Executive Compensation at Maryland Nonprofits Draws Attention
The growing complexity of large nonprofits and an increased demand for executive talent is driving up salaries for many executives at Maryland nonprofits, the Baltimore Sun reports.
According to a Sun analysis of about two hundred local nonprofits with at least $20 million in annual income, seven of the state's 501(c)(3) nonprofit organizations paid more than $1 million in salary and benefits to at least one official in 2003, while thirty paid out more than $500,000. At the same time, the Sun reports, nonprofits are also offering bonuses, long-term incentives, and benefits that are more reminiscent of publicly traded companies.
The trend is especially noticeable at nonprofit hospitals and healthcare systems. In Maryland, for example, the nonprofit executive with the highest compensation in 2003 was Christopher M. Carney, the then-CEO at Marriottsville-based Bon Secours Health System, which employs more than 25,000 people across twenty-one hospitals and other healthcare facilities in nine states. Carney, who tripled the system's facilities in his eight years as CEO and has since retired, received more than $1.5 million in salary, bonus, and benefits in 2003. Rounding out the top five were the University of Maryland Medical System, the Johns Hopkins Health System, MedStar Health, and LifeBridge Health, which each paid their top executive at least $1.2 million.

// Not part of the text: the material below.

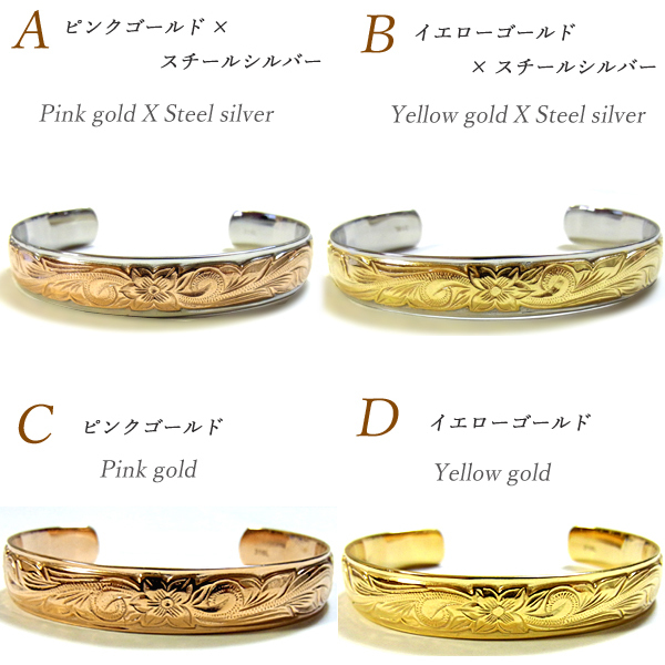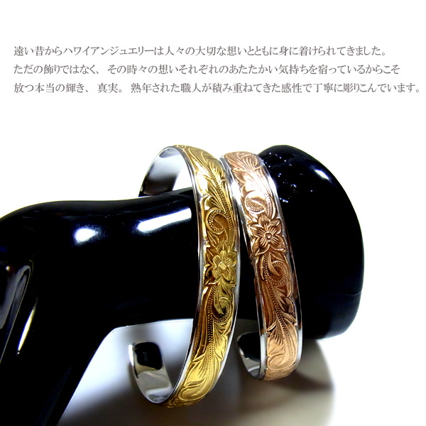 ハワイアンジュエリー ブレスレット バングル ゴールド プルメリア スクロール ホヌ ハワイアンデザインがとても魅力的!

The reason for such salaries, said Lester M. Salamon, director of the Johns Hopkins Center for Civil Society Studies, is straightforward. "Nonprofits are realizing that they have to compete more intensively with the business sector for certain kinds of key positions. That's probably pushing...wages up."
Others are quick to point out that most of the top jobs in the sector come with salaries that wouldn't raise eyebrows. Half the chief executives of Maryland nonprofits, for example, earned salaries and bonuses of less than $70,000 in 2003. "The very high compensation of a very small number masks the very low compensation of a very large number," said Rick Cohen, executive director of the National Committee for Responsive Philanthropy, a Washington, D.C.-based watchdog and advocacy organization that promotes public accountability among foundations, corporate grantmakers, and individual donors.
Still, some charity experts think the problem isn't that large nonprofits are competing for corporate talent, but that some of them aren't nonprofits at all. Hospitals, for example, used to be gathering places for the poor but now are fee-for-service providers, said John D. Colombo, a University of Illinois law professor who studies charities. "I don't think there is much rationale for multimillion-dollar business enterprises being tax-exempt," added Colombo.